# dodo juice Banana armour or Collinite #915?



## askernlad (Oct 21, 2007)

Hi which wax would be the best to use on a red Honda civic type r?


----------



## Bigpikle (May 21, 2007)

I think you're going to get asked to define 'best' ......

915 likely to last longer, as Collinite is very durable. Although I havent used it personally, the Dodo has a great rep for looks, but probably isnt going to last as long. There are LOADS of pics and options mentioned in the Showroom thread about red cars, so have a look in there for ideas and results.

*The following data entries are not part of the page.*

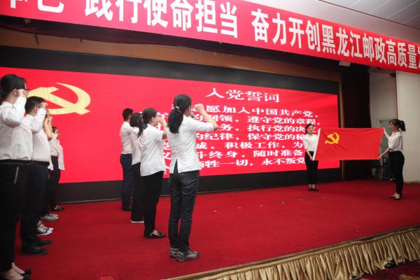 7月1日,中国邮政集团公司黑龙江省分公司召开庆祝建党98周年暨学习先进榜样推动主题教育大会,表彰了全省邮政先进基层党组、优秀共产党员、优秀基层党组织书记和优秀党务工作者,举行了省分公司直属机关新发展预备党员入党仪式,最后观看了讲述黑龙江先进典型光辉事迹的专题教育片《楷模》。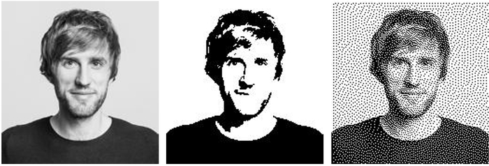 例如我们要显示国外某哥们的这张灰度照片,如果直接把不同像素的灰度值硬性近似为纯黑色或者纯白色,浅灰色就一律“四舍五入”为白色,深灰色就一律“四舍五入”为黑色,最后的结果就像第二张图那样惨不忍睹,整个一张“大花脸”。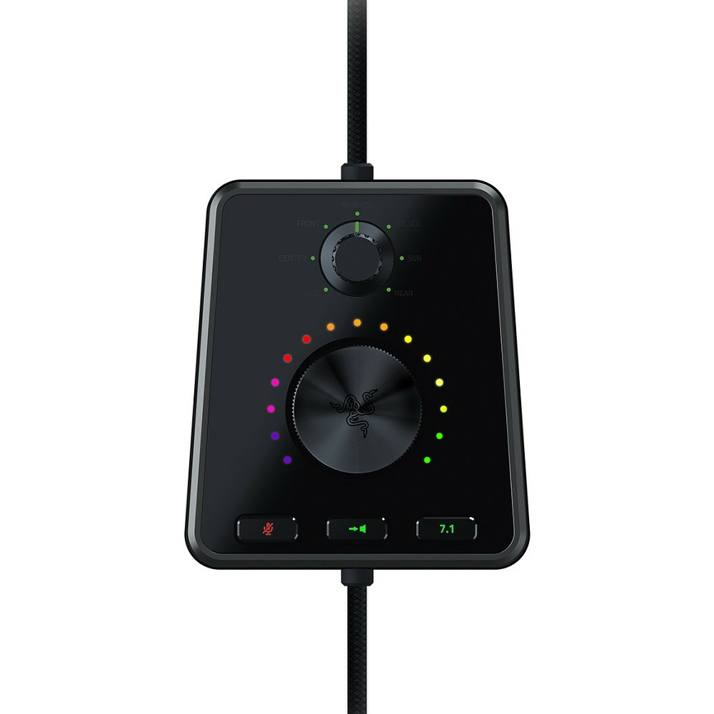 Игровые наушники Razer Tiamat 7.1 V2 комплектуются специальной аудиостанцией, позволяющей вам без труда настроить звучание гарнитуры вплоть до мелочей. Эта станция также имеет систему подсветки Razer Chroma и способна сиять любыми цветами, которые вы предпочтете. Стоит также отметить, что аудиостанция позволяет не только настраивать звучание наушников в целом, но и громкость каждого канала в отдельности. Также устройство дает возможность переключаться 7.1-канальным и стереорежимом звучания и таким образом вы сможете подключить эту станцию не только к гарнитуре, но и к другим устройствам воспроизведения.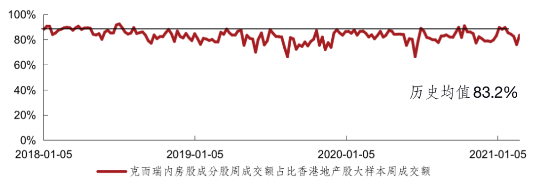 2月克而瑞內房股領先指數成交額占香港地產股大樣本的成交額比值總體較上月有所回落。2月該指數成交額占比周均值81.7%,低于歷史均值83.2%,低于上月周均值87.3%。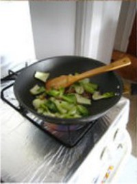 青菜梗会比菜叶耐炒,所以需要先放入锅中鸭胗很咸,这道菜不需要额外放盐

Remember prep is the key anyway to both looks and durability, so have you got this all sorted?


----------



## Petrolhead Matt (Jul 13, 2007)

Yeah, as above, it depends on what you want out of the wax and the paint prep is essential.


----------



## ianFRST (Sep 19, 2006)

both :thumb: 

even people with expensive waxes have use for collinite in winter, so buy both :lol: :thumb:


----------



## ahaydock (Jan 4, 2007)

How about a coat of Colly 476 for a durable base and layer with Banana Amour for looks?


----------



## askernlad (Oct 21, 2007)

So the collinite #915 is gona be better for the winter period, and the dodo for the summer?


----------



## askernlad (Oct 21, 2007)

So i would be ok to put a coat of the banana armour over the top of Collinite?
If im gona do this would the 476 be better than the 915?


----------



## visor (Sep 8, 2007)

i maybe tempted to get both dodo 1st and #915 on top.


----------



## askernlad (Oct 21, 2007)

If i put the 915 over the top of the dodo will i loose the wetness of the dodo that im after? Also would you recommend the jetseal109 or the dodo juice lime prime before either of these waxs?


----------



## rockape (Feb 18, 2007)

swissvax cf, 109, 915


----------



## askernlad (Oct 21, 2007)

jetseal, and collinite #915 it is then. That looks stunning. Just hope it works as nice on red with it being a warmer colour than blue? Wasnt sure if the two would work together but but take it it does.
Cheers Rock.


----------



## rockape (Feb 18, 2007)

no problem, enjoy:thumb:


----------



## roscopervis (Aug 22, 2006)

Both would be very good. People tend to say that the Collintes are durable, but neglect the fact that, with the right prep, they have very good looks too! Saying that, reports about the Banana Armour tend to indicate that it will also be durable. Its a newish wax though so time really hasn't told.

Its all about the preparation really. I'd be happy to use both, maybe an experiment if you were so inclined.


----------